WHAT IS EXPECTED:
Reproduce the records exactly. Leave the pictures out.

[Records from a data source]
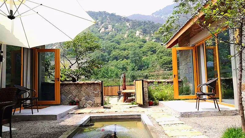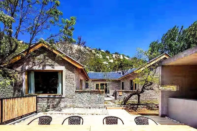沂蒙山·山舍以原有5套老石院为基础,融入沂蒙山淳朴风格,将牛棚和老房改建成了不同主题的民宿院落。精心改建14间沂蒙山特色民宿,配套休闲书吧、茶舍,既保存原古村石屋传统风貌,又完美实现与当地百姓的共建共享。
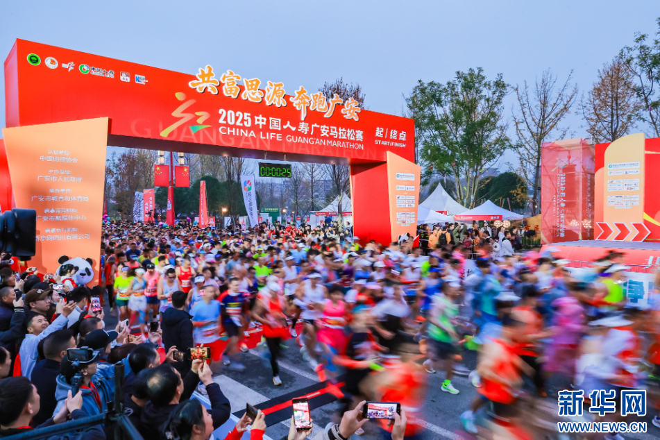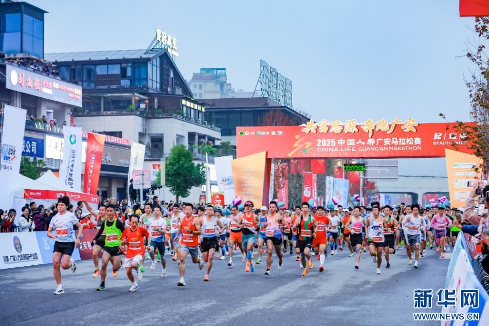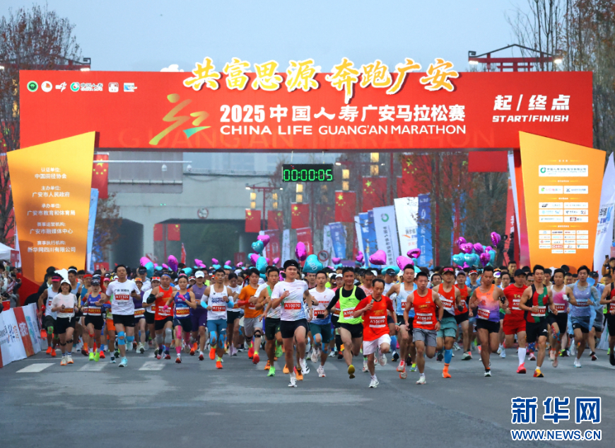 “共富思源 奔跑广安”。11月16日,2025中国人寿广安马拉松赛在四川省广安市新地标賨城里鸣枪开跑。上万名跑者用脚步丈量这座红色名城的独特魅力。
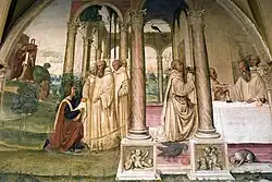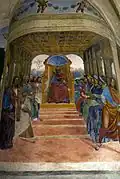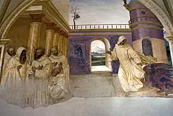 ![]() | 12 | Benoît reçoit deux jeunes Romains, Maur et Placide | La renommée de Benoît commence à grandir et « les citoyens de Rome, distingués par leur naissance et leur piété, vinrent le visiter en foule, et lui offrirent leurs enfants pour les élever dans la crainte du Seigneur. Eutyche lui présenta Maur, et le patrice Tertulle, son fils Placide »[14]. Les deux jeunes vont devenir d'importants collaborateurs de Benoît. Ils se présentent accompagnés de leurs pères et d'une escorte impressionnante, que l'on voit quitter Rome (à l'arrière-plan), entrer dans Subiaco (au second plan) et occuper en désordre le premier plan. Cette fresque animée et débordante de personnages inclut des portraits frappants, et certains y ont reconnu ceux de Signorelli et de Fra Angelico. |
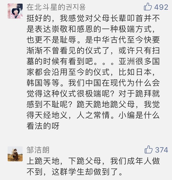 此類“跪拜感恩儀式”此前也多次見諸媒體。有人認(rèn)為憑借“跪拜父母”這樣一個(gè)古樸而鄭重的形式,可以倡導(dǎo)日益淡薄的感恩文化回歸,也有網(wǎng)友認(rèn)為“孝道在心,不在做秀”,或從人格養(yǎng)成方面評論:“跪拜禮抹殺了獨(dú)立人格”。
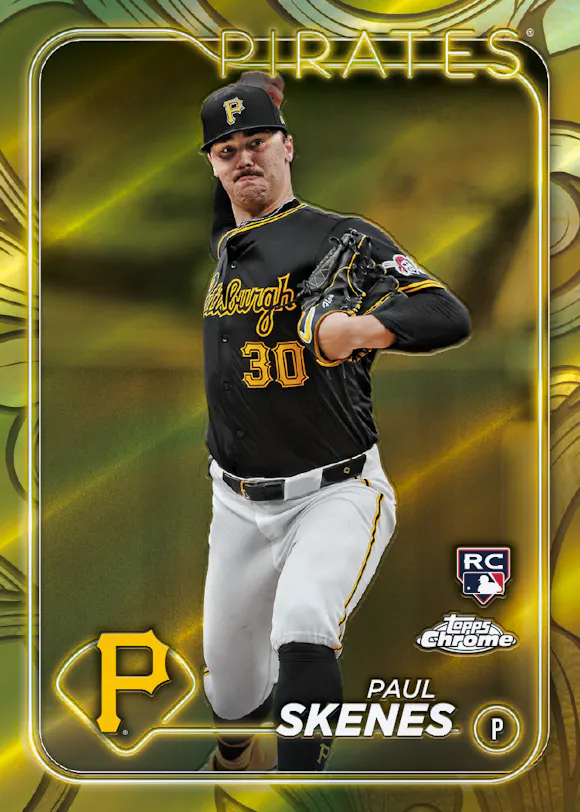 Look for 2024 Topps Chrome Baseball with the highly anticipated Gilded effect!
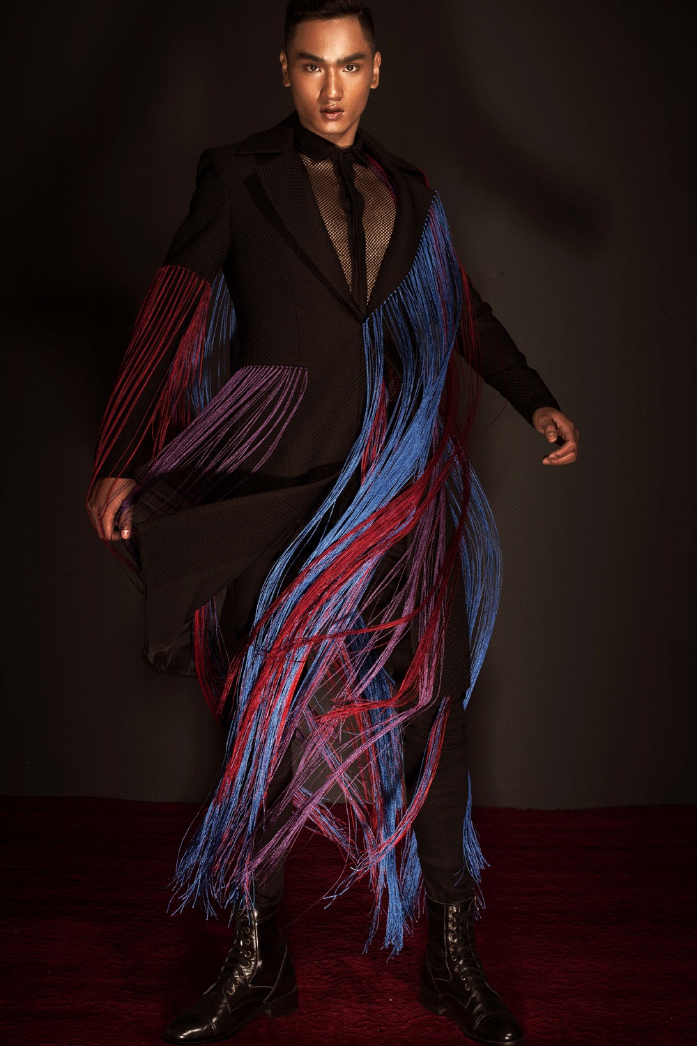 Chàng mẫu 9X sở hữu chiều cao khủng 1m88, thân hình cân đối, đôi chân dài bên cạnh gương mặt quá đỗi thu hút. Diện trang phục có chi tiết tua rua màu sắc mềm mại nhưng Huy Quang vẫn toát lên sự mạnh mẽ, lịch thiệp vốn có của người đàn ông trưởng thành. Đây cũng là điểm thú vị trong thiết kế của Đỗ Mạnh Cường khi giúp người mặc vẫn nam tính dù được khai thác theo hướng unisex.
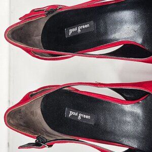 Tags: red suede heels, pointed toe shoes, Paul Green heels, buckle strap shoes, professional shoes, red high heels, stylish office shoes, suede dress shoes, elegant women's heels, cutout design shoes, formal wear shoes, leather insole heels, comfortable heels
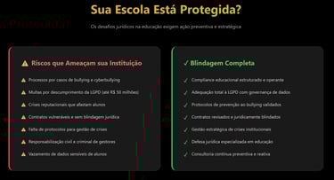 Agende uma consultoria estratégica e descubra como blindar sua escola ou negócio contra processos, crises e vulnerabilidades jurídicas
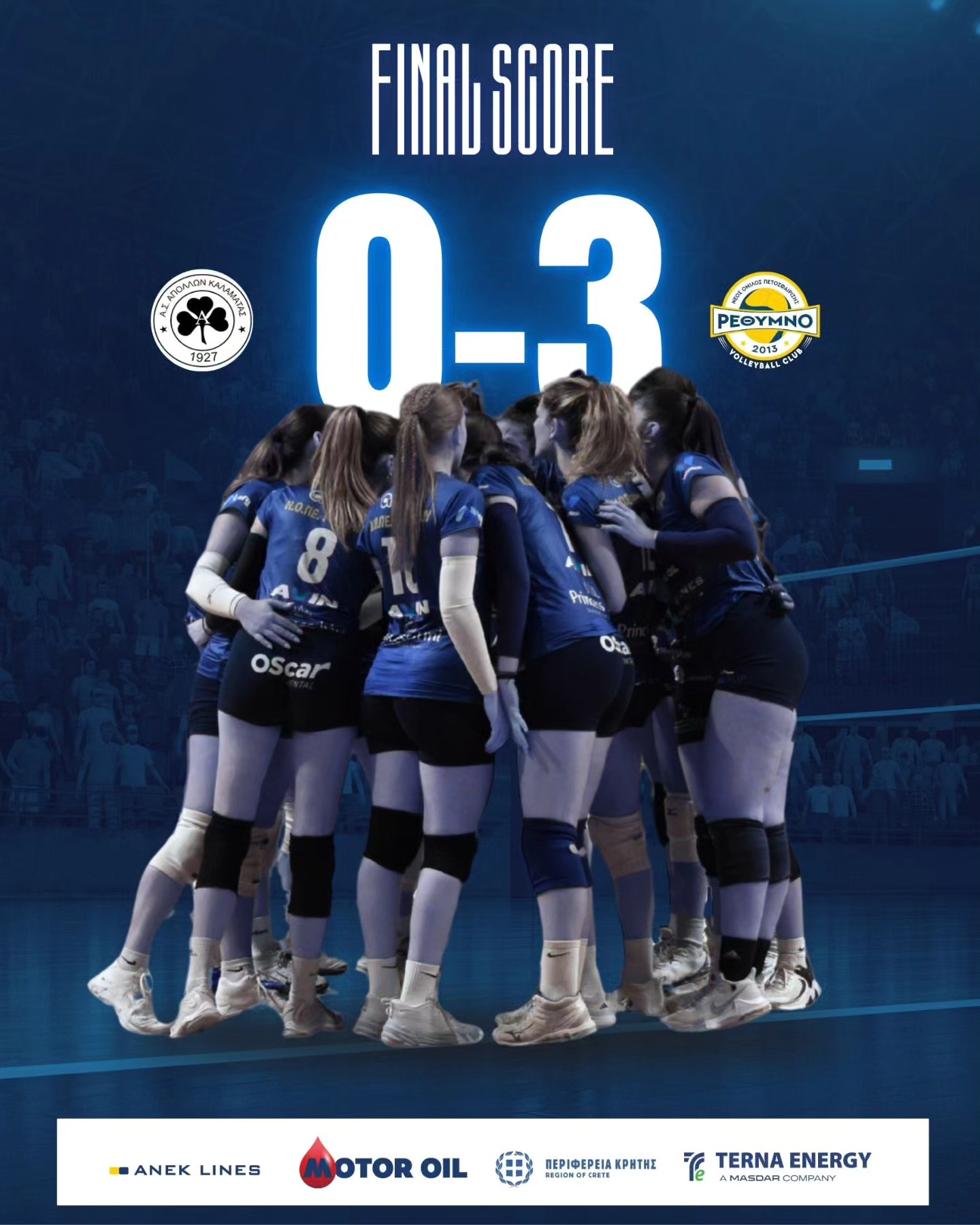 Η ομάδα του Ρεθύμνου έδειξε από νωρίς την ανωτερότητά της, επιβάλλοντας τον ρυθμό της από το πρώτο σετ και διατηρώντας υψηλή απόδοση σε όλη τη διάρκεια του αγώνα. Με σταθερή υποδοχή, αποτελεσματικό μπλοκ και σωστές επιθετικές επιλογές, εξασφάλισε μια καθαρή και δίκαιη νίκη στην πρεμιέρα του πρωταθλήματος.

RESPONSE BOX:
沂蒙山·山舍以原有5套老石院为基础,融入沂蒙山淳朴风格,将牛棚和老房改建成了不同主题的民宿院落。精心改建14间沂蒙山特色民宿,配套休闲书吧、茶舍,既保存原古村石屋传统风貌,又完美实现与当地百姓的共建共享。
 “共富思源 奔跑广安”。11月16日,2025中国人寿广安马拉松赛在四川省广安市新地标賨城里鸣枪开跑。上万名跑者用脚步丈量这座红色名城的独特魅力。
 ![]() | 12 | Benoît reçoit deux jeunes Romains, Maur et Placide | La renommée de Benoît commence à grandir et « les citoyens de Rome, distingués par leur naissance et leur piété, vinrent le visiter en foule, et lui offrirent leurs enfants pour les élever dans la crainte du Seigneur. Eutyche lui présenta Maur, et le patrice Tertulle, son fils Placide »[14]. Les deux jeunes vont devenir d'importants collaborateurs de Benoît. Ils se présentent accompagnés de leurs pères et d'une escorte impressionnante, que l'on voit quitter Rome (à l'arrière-plan), entrer dans Subiaco (au second plan) et occuper en désordre le premier plan. Cette fresque animée et débordante de personnages inclut des portraits frappants, et certains y ont reconnu ceux de Signorelli et de Fra Angelico. |
 此類“跪拜感恩儀式”此前也多次見諸媒體。有人認(rèn)為憑借“跪拜父母”這樣一個(gè)古樸而鄭重的形式,可以倡導(dǎo)日益淡薄的感恩文化回歸,也有網(wǎng)友認(rèn)為“孝道在心,不在做秀”,或從人格養(yǎng)成方面評論:“跪拜禮抹殺了獨(dú)立人格”。
 Look for 2024 Topps Chrome Baseball with the highly anticipated Gilded effect!
 Chàng mẫu 9X sở hữu chiều cao khủng 1m88, thân hình cân đối, đôi chân dài bên cạnh gương mặt quá đỗi thu hút. Diện trang phục có chi tiết tua rua màu sắc mềm mại nhưng Huy Quang vẫn toát lên sự mạnh mẽ, lịch thiệp vốn có của người đàn ông trưởng thành. Đây cũng là điểm thú vị trong thiết kế của Đỗ Mạnh Cường khi giúp người mặc vẫn nam tính dù được khai thác theo hướng unisex.
 Tags: red suede heels, pointed toe shoes, Paul Green heels, buckle strap shoes, professional shoes, red high heels, stylish office shoes, suede dress shoes, elegant women's heels, cutout design shoes, formal wear shoes, leather insole heels, comfortable heels
 Agende uma consultoria estratégica e descubra como blindar sua escola ou negócio contra processos, crises e vulnerabilidades jurídicas
 Η ομάδα του Ρεθύμνου έδειξε από νωρίς την ανωτερότητά της, επιβάλλοντας τον ρυθμό της από το πρώτο σετ και διατηρώντας υψηλή απόδοση σε όλη τη διάρκεια του αγώνα. Με σταθερή υποδοχή, αποτελεσματικό μπλοκ και σωστές επιθετικές επιλογές, εξασφάλισε μια καθαρή και δίκαιη νίκη στην πρεμιέρα του πρωταθλήματος.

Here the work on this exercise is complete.